Study: THE EFFECTS OF STRESS ON MARKSMANSHIP
Link to Full Study: MTI Stress and Marksmanship Study
The purpose of this study was to evaluate the effects of stress on marksmanship performance, as applied through four variables: (1) Physical Activity, (2) Time, (3) Resources Constraints (Ammunition) and (4) Competition.

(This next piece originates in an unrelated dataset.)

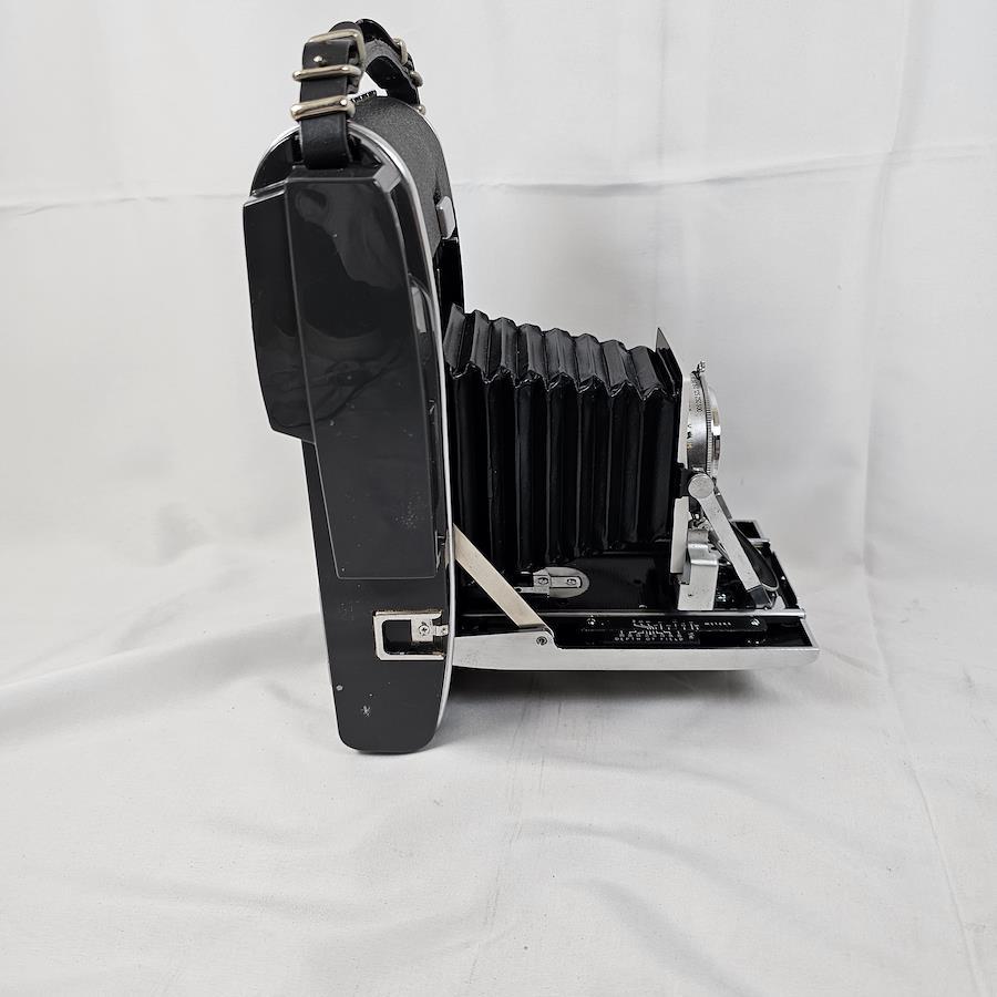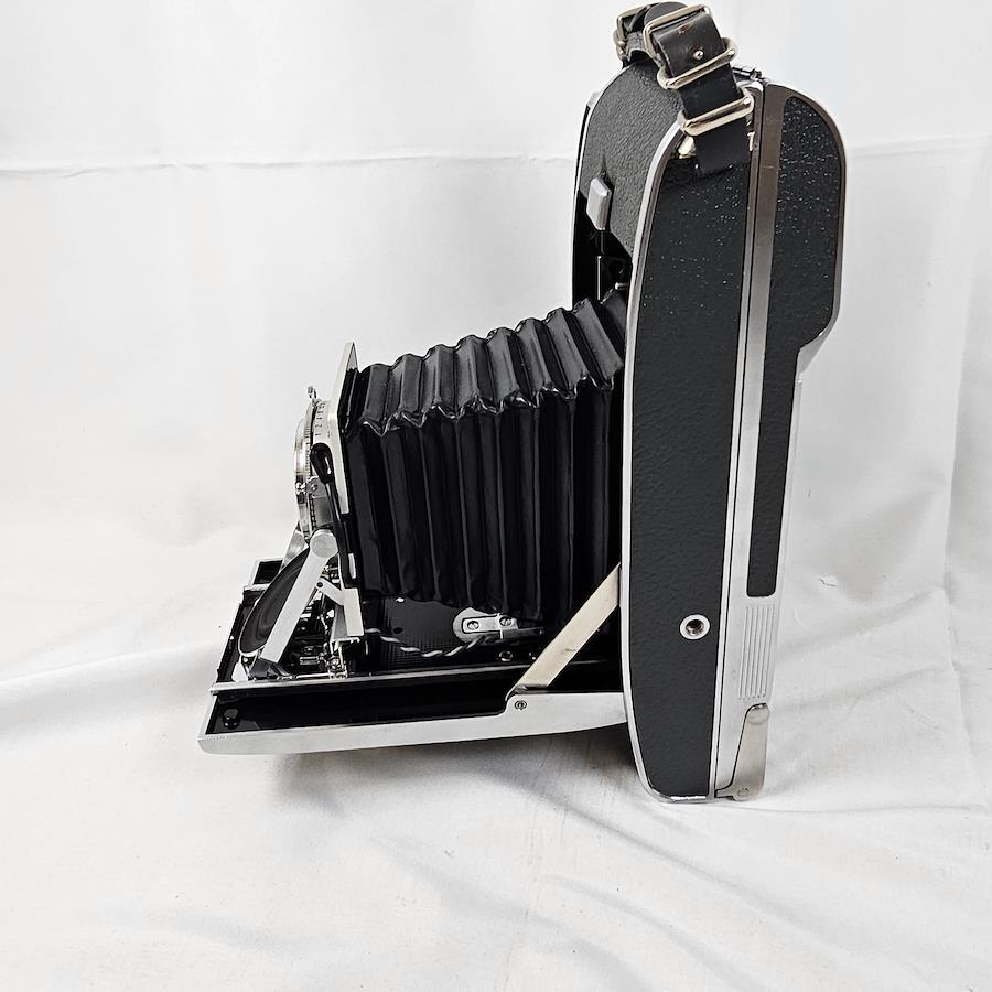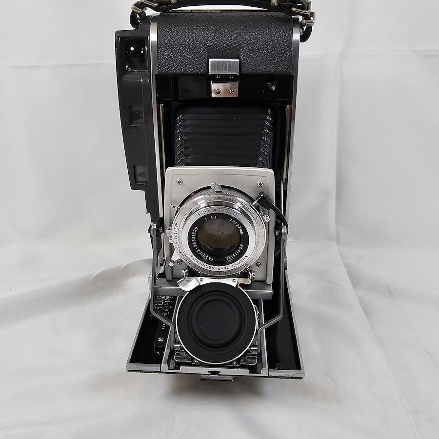 【商品の状態・動作確認について】動作確認は未実施です。シャッターが正常に下りること、および各ダイヤル類や蛇腹の伸縮など、可動部分がスムーズに動くことは確認できております。しかしながら、電気系統やフィルムを入れての撮影テスト、現像機能など、専門的な知識が必要な部分については、当方に知識が無いため確認ができておりません。大変古い商品のため、ご購入後は【コレクションまたはインテリアのオブジェ】としてお考えください。実用での動作保証は致しかねますので、あらかじめご了承ください。

Fifteen full-time members of a state law enforcement (LE) tactical unit participated in the study (age 29-43 years). Participants were all experienced marksman with at least 7 years of LE experience and a minimum of 1 year of full-time tactical experience. All subjects completing a series of 24 marksmanship trials. Trials were divided into two categories: (1) Non-stressed (Video Link) and (2) Stressed (Video Link). Each trial consisted of one magazine of 5 rounds (5.56mm). Subjects fired a total of 60 rounds during the non-stressed trials and 60 rounds during the stressed trials (120 total rounds). HR data was collected using the iOS Polar Team Training App® and Polar H7® bluetooth heart rate monitors. Marksmanship accuracy was tracked by tactical team members not participating in the study. Accuracy was measured in hits per 5 round magazine.
- Heart rates as low as 148.5 BPM (approximately 80% of estimated heart rate max) represent sufficient stress to significantly decrease marksmanship performance (-24.1%).
- Individual variations in heart rate (+/- 7.7 BPM) during non-stressed drills did not lead to changes in marksmanship performance.
- Individual variations in heart rate (+/- 11.4 BPM) during stressed drills did not lead to changes in marksmanship performance.
Since most real-world tactical situations occur during times of stress, the researchers recommend that all tactical professionals train stressed marksmanship. Based on the results presented in this study, drills, similar to the one used by the researchers, represent a simple and safe means of applying stress to marksmanship exercises.